China’s factory activity has contracted for a second consecutive month, while growth in the service sector slowed, adding to signs of a slackening post-pandemic recovery in the world’s second-largest economy.
The official manufacturing purchasing managers’ index came in at 48.8 for May, compared with 49.2 in April, according to the National Bureau of Statistics.
The non-manufacturing PMI, which covers activity in the service sector and industries such as construction, was 54.5 in May, below the previous month’s figure of 56.4.
Economists said several months of manufacturing readings below 50, which indicates a contraction, would lead the government to consider stimulus policies to support the economy, which has struggled to maintain strong growth after Beijing relaxed draconian zero-Covid controls this year. Exports have also lagged, as global demand for Chinese goods has failed to pick up.
“We expected that the initial rebound would be led by consumption and services post-reopening and that optimism would eventually translate into a broadening of the base of this economic recovery to include stronger manufacturing and investment,” said Carlos Casanova, senior economist for Asia at UBP. “That broadening has not taken place yet.”
The weaker data sent regional currencies lower against the dollar on Wednesday and hit equity markets that were already weighed down by concerns about China’s uneven economic rebound. One index of Chinese stocks listed in Hong Kong slipped to bear market territory.
China’s economy grew rapidly in the first quarter, but the rebound has begun to falter in the past two months. Property investment, credit and industrial profits have declined, while indicators such as retail sales have fallen short of analysts’ expectations, casting doubt on the government’s modest full-year growth target of 5 per cent.
“The foundation for recovery and development still needs to be consolidated,” said Zhao Qinghe, a senior statistician at the NBS, in a statement on Wednesday. In the manufacturing sector, he said, “production and demand slowed distinctly”.
Hong Kong’s Hang Seng China Enterprises index, which tracks large mainland Chinese companies, fell more than 2 per cent on Wednesday, bringing the benchmark more than 20 per cent below its recent peak in January and plunging it into a bear market. China’s CSI 300 index of Shanghai- and Shenzhen-listed stocks fell 1.2 per cent.

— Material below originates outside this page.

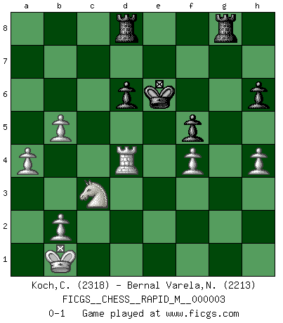 Last move : 0-1 2006 December 5 23:59:34 [Event "FICGS__CHESS__RAPID_M__000003"] [Site "FICGS"] [Date "2006.08.14"] [Round "1"] [White "Koch,Christian"] [Black "Bernal Varela,Nelson"] [Result "0-1"] [WhiteElo "2318"] [BlackElo "2213"] 1.e4 c5 2.Nf3 d6 3.d4 cxd4 4.Nxd4 Nf6 5.Nc3 a6 6.Be2 e5 7.Nb3 Be7 8.Be3 O-O 9.g4 Be6 10.g5 Nfd7 11.Rg1 a5 12.Bb5 Nc6 13.Qe2 a4 14.Nxa4 Nd4 15.Bxd4 exd4 16.O-O-O Nc5 17.Rxd4 Nxb3+ 18.cxb3 Bxg5+ 19.Kb1 Bf4 20.Rg2 Kh8 21.Rd1 Qa5 22.Bc4 b5 23.Bxb5 Rfc8 24.h4 h6 25.Rdg1 Rab8 26.Bd3 g6 27.Qf3 Qd2 28.Qd1 Qa5 29.Bc2 Bh3 30.Rg3 Bxg3 31.Rxg3 Be6 32.f4 Rg8 33.Qd4+ Kh7 34.Nc3 Qh5 35.Qf6 Qa5 36.Rd3 Qd8 37.Qxd8 Rbxd8 38.a4 f5 39.Rd4 fxe4 40.Rxe4 Bf5 41.Rd4 Kg7 42.Bxf5 gxf5 43.b4 Kf6 44.b5 Ke6 0-1 Sicilian : Najdorf, Opovcensky variation Kingside Castling by player Black (move 8) Queenside Castling by player White (move 16) Player Black won this chess game. Follow this game move after move (download)When you don't know what to play, wait for an idea to come into your opponent's mind. You may be sure that idea will be wrong. (Siegbert Tarrasch) Der Verteidiger gebe der Gewalt nach, aber nur der Gewalt. Er schaffe sich nicht freiwillig, etwa aus Blindheit oder aus Schrecken, irgendwelche Schwächen. Er lasse sich nicht bluffen. (Emanuel Lasker) Hasta este punto, las blancas han seguido un análisis bien conocido. Pero ahora el hace un error fatal: empieza a usar su propia cabeza. (Siegbert Tarrasch) Le pion, dans sa simplicité, marche droit devant lui, mais lorsqu'il prend, il le fait obliquement? Ainsi l'homme, tant qu'il reste pauvre, marche dans la droiture et vit honnêtement, mais lorsqu'il recherche les honneurs, il flatte, se parjure et, par les voies obliques, cherche une position supérieure sur l'échiquier du monde. (Jean de Galles) The difference between perseverance and obstinacy is that one comes from a strong will, and the other from a strong won't. (Henry Ward Beecher)

The renminbi slipped 0.4 per cent to Rmb7.1051 against the dollar, bringing it down almost 3 per cent for the year to date. Currencies of large exporters to China also sold off, with the Australian and New Zealand dollars down 0.5 per cent and 0.4 per cent, respectively, against the greenback.
A sub-index of new export orders declined to 47.2 in May from 47.6 in April, “pointing to weaker external demand”, Goldman Sachs said in a research note. The bank said deflationary pressures on the manufacturing sector were “partly due to falling commodities prices and muted market demand”.
The data indicated a strong expansion in service industries such as airlines, ship and road transport services and telecommunications but sustained weakness in property.
“There’s this widening discrepancy between the service part and the manufacturing side,” said UBP’s Casanova, adding that “the economic recovery has been exceptionally uneven”.
However, pent-up demand for services following the end of the Covid-19 controls would fade in the coming months, he said, making the outlook for economic growth this quarter and next “a bit more complicated than we thought at the beginning of the year”.